Lacey's mother later marveled at the irony of that experience.
"She didn't know one soul at the institute, but she felt a stronger connection with the people there than she did with all the athletes she had known and competed with for years," Stacey Nymeyer said.
Lacey Nymeyer was once asked at a fireside who was the most amazing person she met while at the Olympics.
Of course she had rubbed shoulders with meganames like Michael Phelps and LeBron James, but her answer was surprising.

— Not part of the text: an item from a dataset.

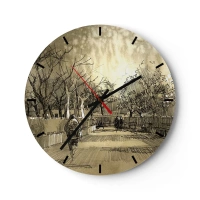 Nástěnné hodiny - Náčrt procházky v parku s cestami a stromy - 30x30cm - Pírkem zastavený okamžik - Moderní nástěnná dekorace do obývacího pokoje, kuchyně a ložnice ARTTOR

"Tay Chin Joo — a sweet LDS lady in Singapore," she said.
Just before the Olympics, the team was at a training camp at a private country club in Singapore. Following a workout session, Lacey Nymeyer was drying off with a towel when she was informed there was someone who wanted to see her.
To her surprise, a member of the church had heard about the swimmer and wanted to meet her. Her teammates practically gawked as Lacey Nymeyer happily spoke with the woman.
"The team was looking at her and saying, 'Who do you know in Singapore?' " Stacey said.
"It was the instant Mormon connection," Lacey Nymeyer said. "We talked for 45 minutes."
The woman continued to visit during her stay, bringing gifts and treats. Lacey Nymeyer said becoming friends with that sweet lady was a treasured moment.
Engaged and moving on
Believe it or not, Lacey Nymeyer has accepted the marriage proposal of a Gila Monster — a member of the basketball team at Eastern Arizona College.
His name is Chandler John. The couple will be married at the LDS Temple in Mesa, Ariz., in April.
Lacey Nymeyer, a physical education major, is done with school and looking to take a break from swimming. During the week she works as a substitute teacher at a local private high school. On the weekends she travels around the country doing swim clinics and encouraging young children to work hard and pursue their dreams.
Will she compete in the 2012 London games? "I don't know. Right now I am focusing on other areas of life, but I want to keep the option open," Lacey Nymeyer said.
When invited, she enjoys speaking to youths and at firesides and preaches the importance of gaining a personal testimony and standing strong in the face of adversity. Allow the gospel to balance your life, she said.
"Why not build your life around something that is consistent and true?" Lacey Nymeyer said. "You have to have your own testimony to know what you want out of life. It will bring you happiness."